**WHAT THE TASK REQUIRES:**
Starting at the line that contains "Liturgie ve farním", write out each line through the end of the data below, exactly as it stands. Skip any pictures.
◆ ◆ ◆
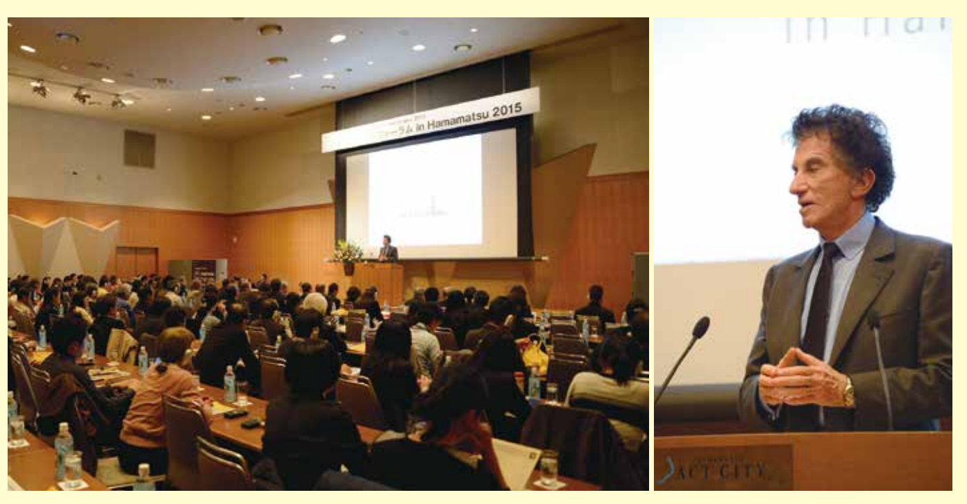
基調講演 Keynote Speech
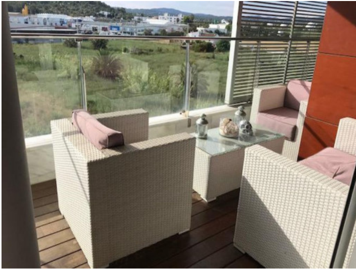
Zona de estar en el balcón
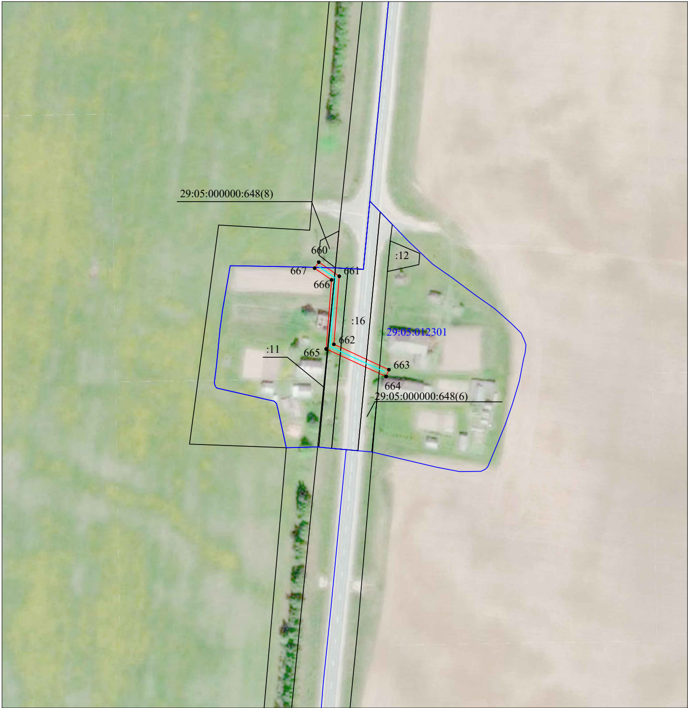
Масштаб 1:2 000
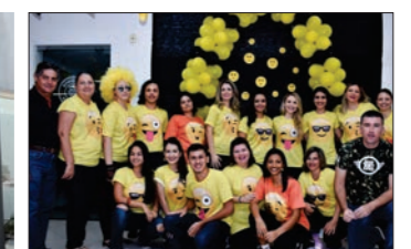
CDL parabenizou a escola pelo evento Let's Smile
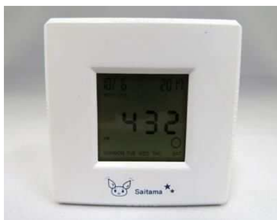
▼ 4ファンクションクロック
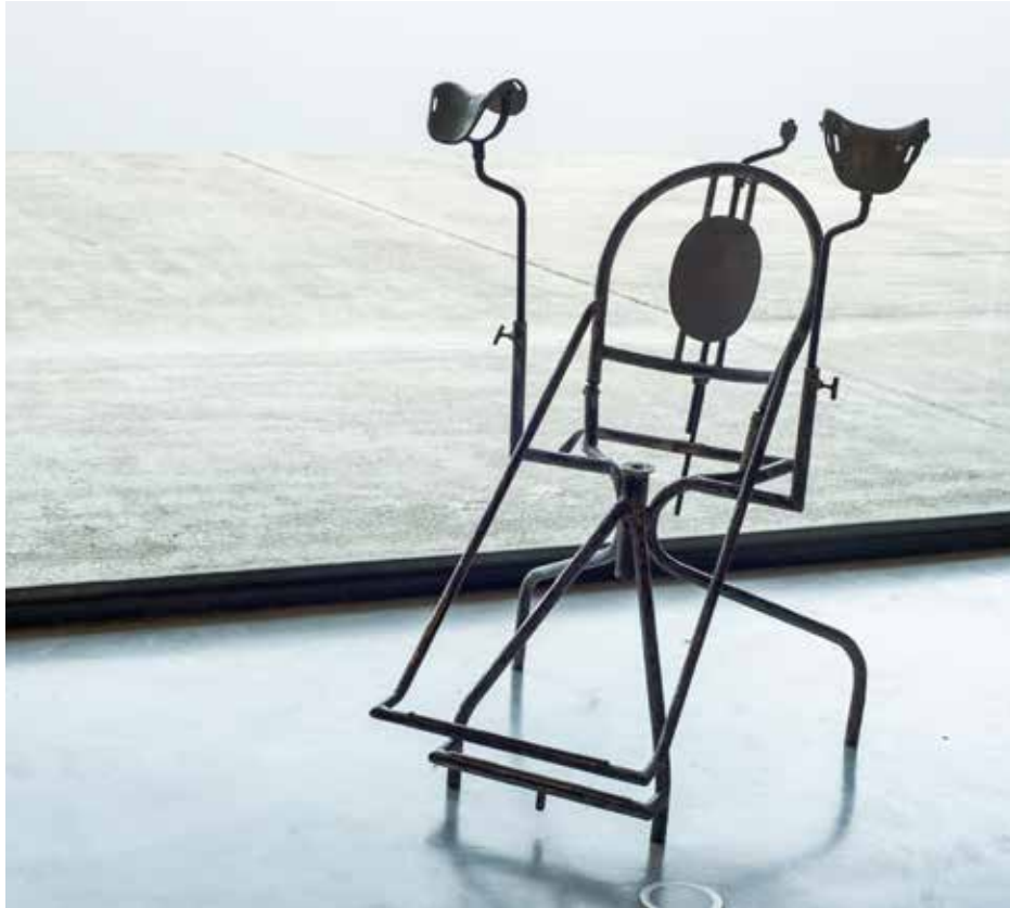
Dos Bengalas. Match.

Match (2020) es el trabajo realizado en su residencia que gira en torno al amor como herramienta, una decisión poética y aparentemente cursi que desvela las fórmulas actuales en el cortejo y la búsqueda de pareja, sexo y encuentros amorosos entre personas desde el contexto virtual de las redes sociales. Convierten al propio edificio del C3A en un usuario más de estas aplicaciones y como dos ventrílocuas, conciertan citas con diferentes personas de la ciudad. En la muestra, sobre la propia mesa de trabajo, se distribuyen impresas las capturas de pantalla de los diferentes diálogos y acompaña a esta instalación un vídeo de carácter narrativo que explica los resultados. Como testimonio de lo vivido, se instala de forma extraña en el espacio doméstico una silla ginecológica, que nos sitúa en una de las experiencias reales que el colectivo ha vivido en las citas realizadas con los usuarios de estas aplicaciones.
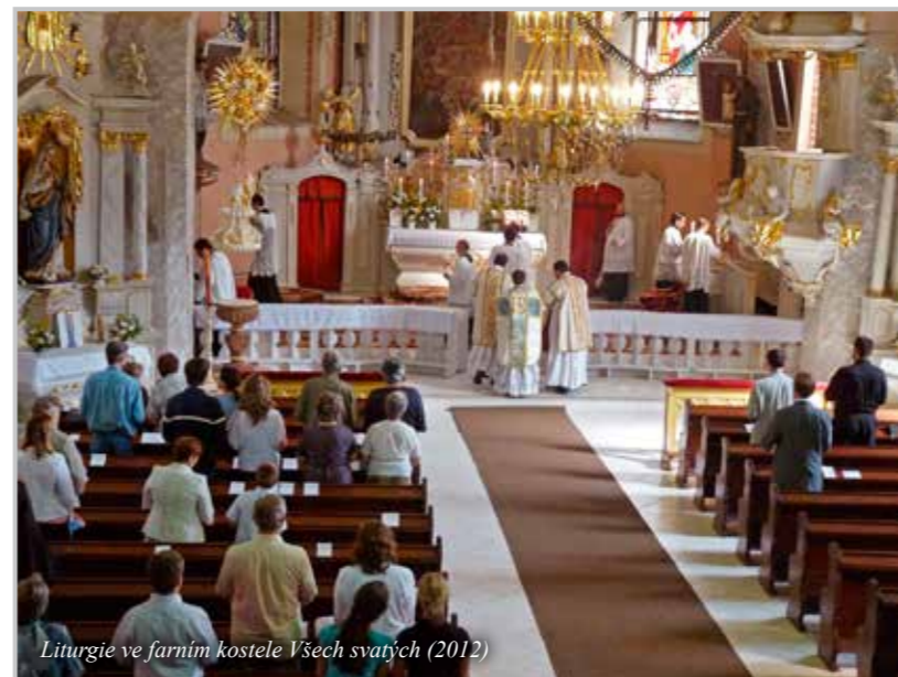
Liturgie ve farním kostele Všechny svatých (2012)
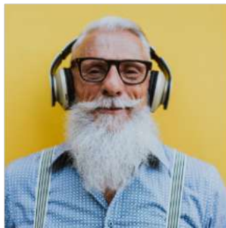
Le TOP 5 des retraités
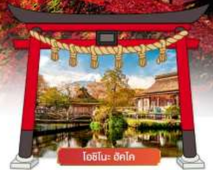
โคมิโนะ ฮัตโต

เดินทางโดยสายการบิน : ไทยแอร์เอเชียเอ็กซ์
◆ ◆ ◆
**SOLVED EXERCISE:**
Liturgie ve farním kostele Všechny svatých (2012)
Le TOP 5 des retraités
โคมิโนะ ฮัตโต

เดินทางโดยสายการบิน : ไทยแอร์เอเชียเอ็กซ์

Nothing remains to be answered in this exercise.